_GIVEN INFORMATION_:
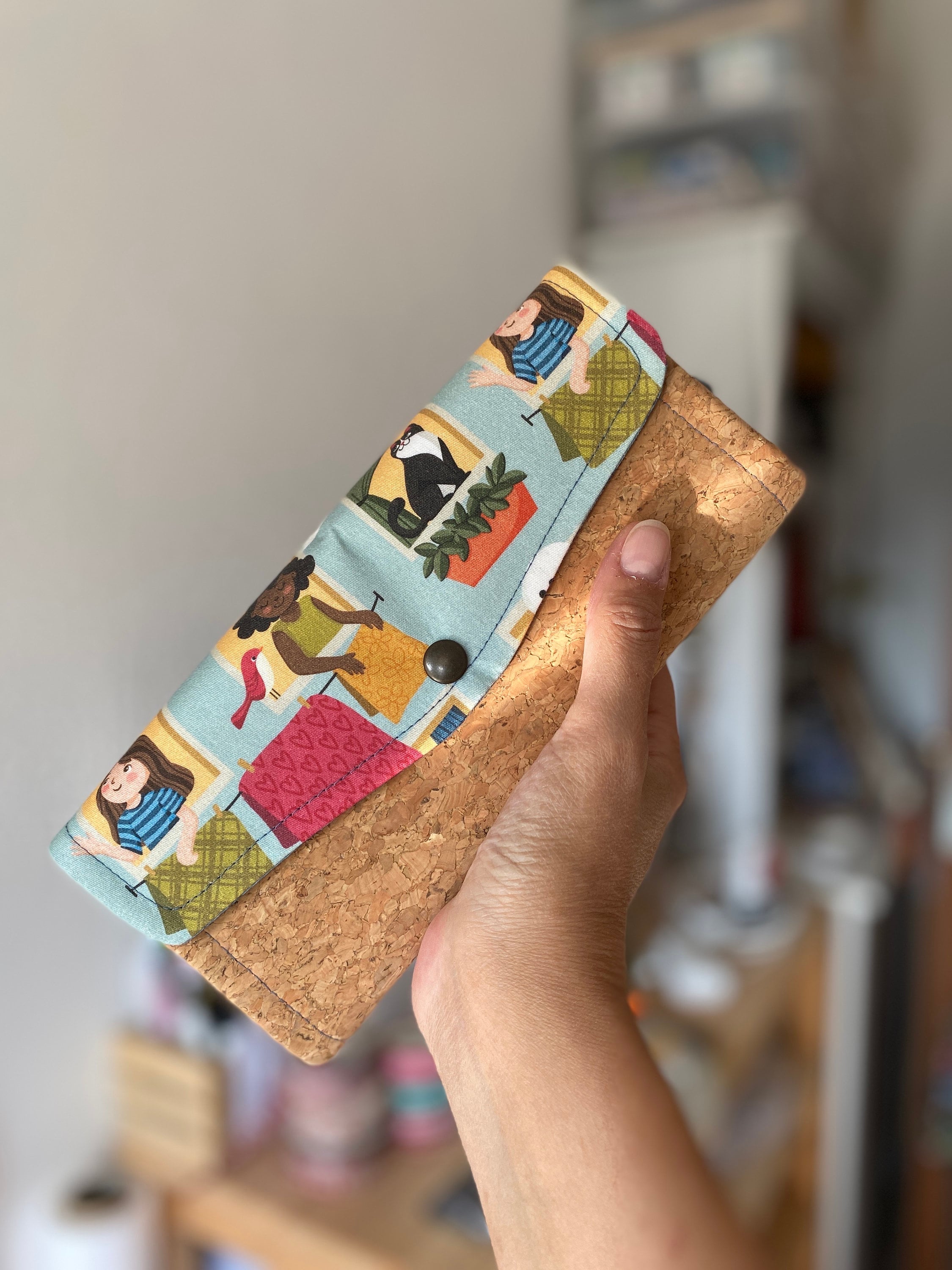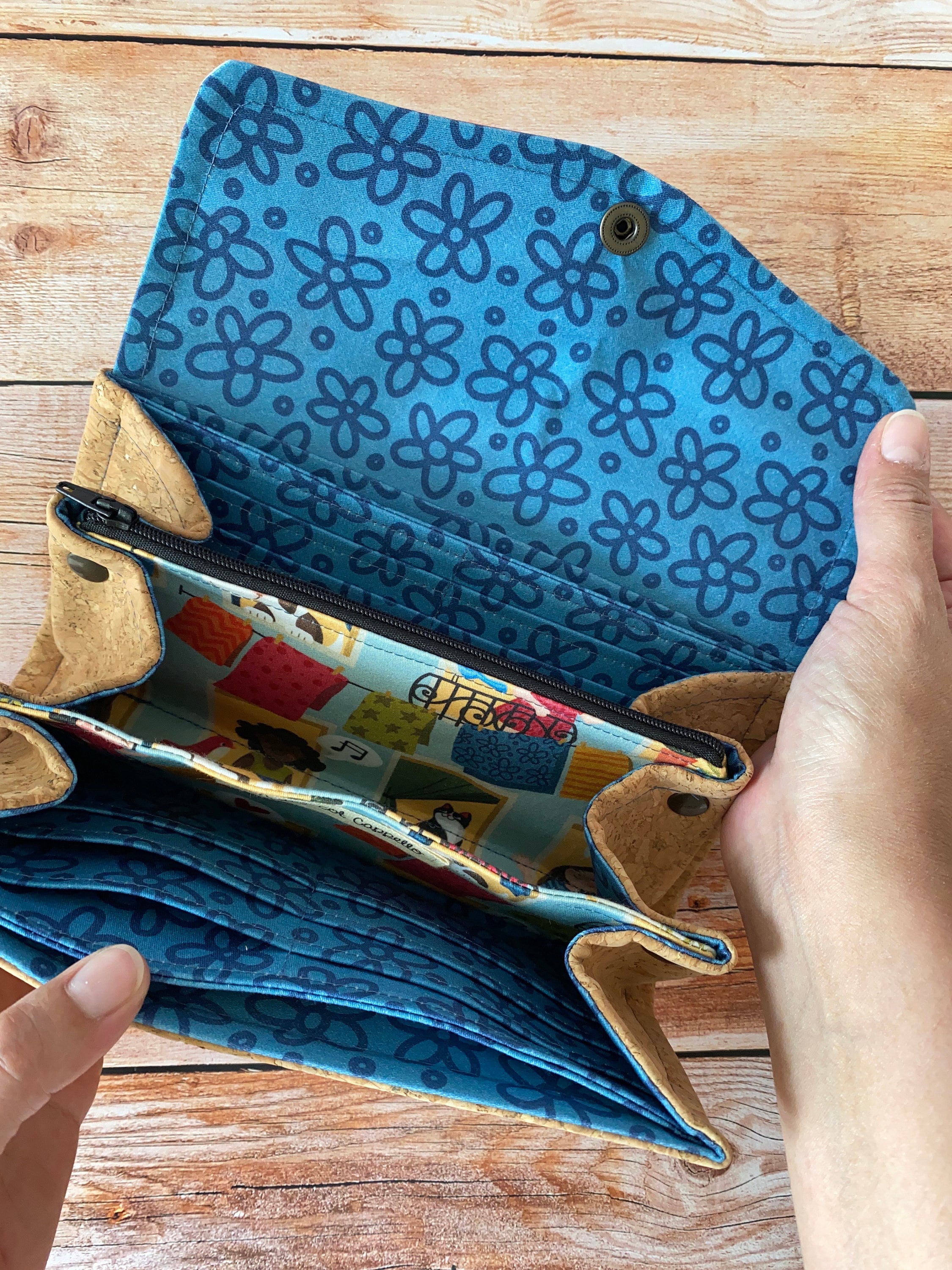 L'esterno del portafogli è realizzato in tessuto di sughero e raso di cotone, l'interno in tessuto di cotone
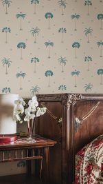 Ca mici ornamente, palmierii stilizați împodobesc cu mândrie acest tapet decorativ. Un model cu un aer jucăuș și exclusivist în același timp. Milo, Misty Blue evidențiază un fundal bej cald, evidențiat cu nuanțe reci de albastru și bej delicat.
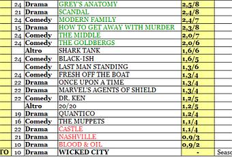 Piccole gioie, invece, per i rialzi di Last Man Standing, 20/20 e Blood & Oil – c’è una certa stabilità nel suo andare male. Pareggi per Marvel’s Agents of S.H.I.E.L.D. e Dr. Ken, mentre tutto il resto è disgraziatamente in calo.

_EXERCISE_: Write out each line of the data exactly; the images should be left out.

_RESPONSE BELOW_:
 L'esterno del portafogli è realizzato in tessuto di sughero e raso di cotone, l'interno in tessuto di cotone
 Ca mici ornamente, palmierii stilizați împodobesc cu mândrie acest tapet decorativ. Un model cu un aer jucăuș și exclusivist în același timp. Milo, Misty Blue evidențiază un fundal bej cald, evidențiat cu nuanțe reci de albastru și bej delicat.
 Piccole gioie, invece, per i rialzi di Last Man Standing, 20/20 e Blood & Oil – c’è una certa stabilità nel suo andare male. Pareggi per Marvel’s Agents of S.H.I.E.L.D. e Dr. Ken, mentre tutto il resto è disgraziatamente in calo.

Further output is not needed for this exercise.